Thanks guys!  :Smile:

----------


## Whistly

We had a great start but now we need more photos.

----------


## DirtyBird

WOW! you guys have some AMAZING setups! (JEALOUS!!!) Thank you ALL for inspiring me to pursue this new hobby of mine, and giving me the knowledge to do it right!

----------


## Heather

No need to be jealous...you can do it too!  :Smile:

----------


## s6t6nic6l

Oriental Fire Belly Toads Abode

Thanks
nic

----------


## Whistly

Wow Nic that tank looks mean.

----------


## Heather

Awesome Nic! I really like that.

----------


## s6t6nic6l

> Wow Nic that tank looks mean.


thank you.




> Awesome Nic! I really like that.


thank you.

this had a major overhaul recently to achieve this look. if your interested in the setup (inc HD viv tour) the link is in my sig.

----------


## mdtalley22

Clown Tree Frog Terrarium

----------


## Whistly

Bump more photos. I'm sure A certain someone named Don should definitely enter lol.

----------


## erini

45 gallon hex for 2 Wallace Flying Frogs.

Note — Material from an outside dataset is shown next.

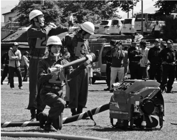
▶小型ポンプの部 第2分団

Just finished it day before yesterday and am letting it rest, then the frogs will move in on Saturday  :Smile:  There's no water in this photo, but it has since been added to the river rocks and stands about 2 inches.

----------


## IrishRonin

my 80g viv. for my Tiger leg monkey frogs _phyllomedusa hypochondrialis_

----------


## IrishRonin

sorry the attached thumbnail isn't supporsed to be there but I can tget it to go away

----------


## BG

Ok what the hell my first screened vivTo tell you the truth. Its not important if i win or loose cause when i finisished this viv. I felt like i won the lotto. :Smile:

----------


## Whistly

WOW an influx of photos, thats brilliant.




> sorry the attached thumbnail isn't supporsed to be there but I can tget it to go away


I can see the attachment just fine.

----------


## bobrez

Awsome everyone lots of very nice tanks. This 1 from s6t6 was my inspiration to try and capture. Im working it feverishly, i will probably enter next month. Great job all.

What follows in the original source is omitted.